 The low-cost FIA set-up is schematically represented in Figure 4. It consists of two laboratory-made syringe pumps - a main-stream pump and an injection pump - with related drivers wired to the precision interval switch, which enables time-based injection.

...

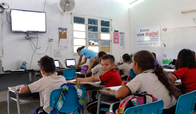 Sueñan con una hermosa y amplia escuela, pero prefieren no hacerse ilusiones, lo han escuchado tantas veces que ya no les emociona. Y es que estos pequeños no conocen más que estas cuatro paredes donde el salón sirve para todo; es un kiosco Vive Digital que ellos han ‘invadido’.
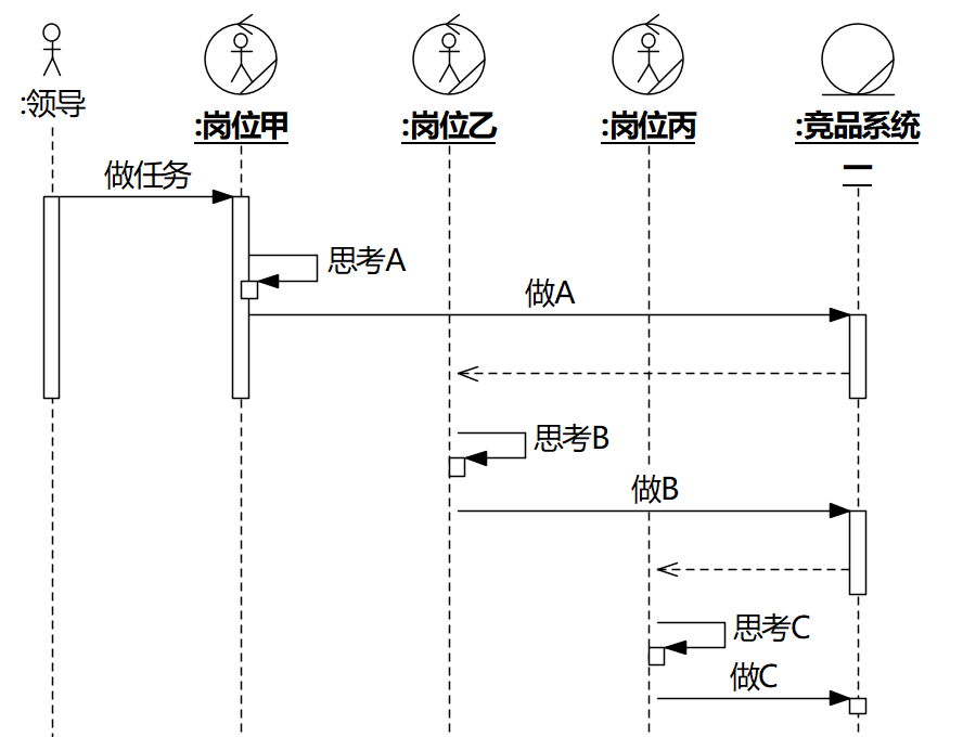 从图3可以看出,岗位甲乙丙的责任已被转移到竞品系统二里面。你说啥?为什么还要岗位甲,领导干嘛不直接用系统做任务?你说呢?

**ABOUT THIS TASK**
Skip every picture, and restate word for word only the lines above from the line containing "Sueñan con una" to the line containing "从图3可以看出,岗位甲乙丙的", both of them included.

**RESULT OF THIS EXERCISE**
 Sueñan con una hermosa y amplia escuela, pero prefieren no hacerse ilusiones, lo han escuchado tantas veces que ya no les emociona. Y es que estos pequeños no conocen más que estas cuatro paredes donde el salón sirve para todo; es un kiosco Vive Digital que ellos han ‘invadido’.
 从图3可以看出,岗位甲乙丙的责任已被转移到竞品系统二里面。你说啥?为什么还要岗位甲,领导干嘛不直接用系统做任务?你说呢?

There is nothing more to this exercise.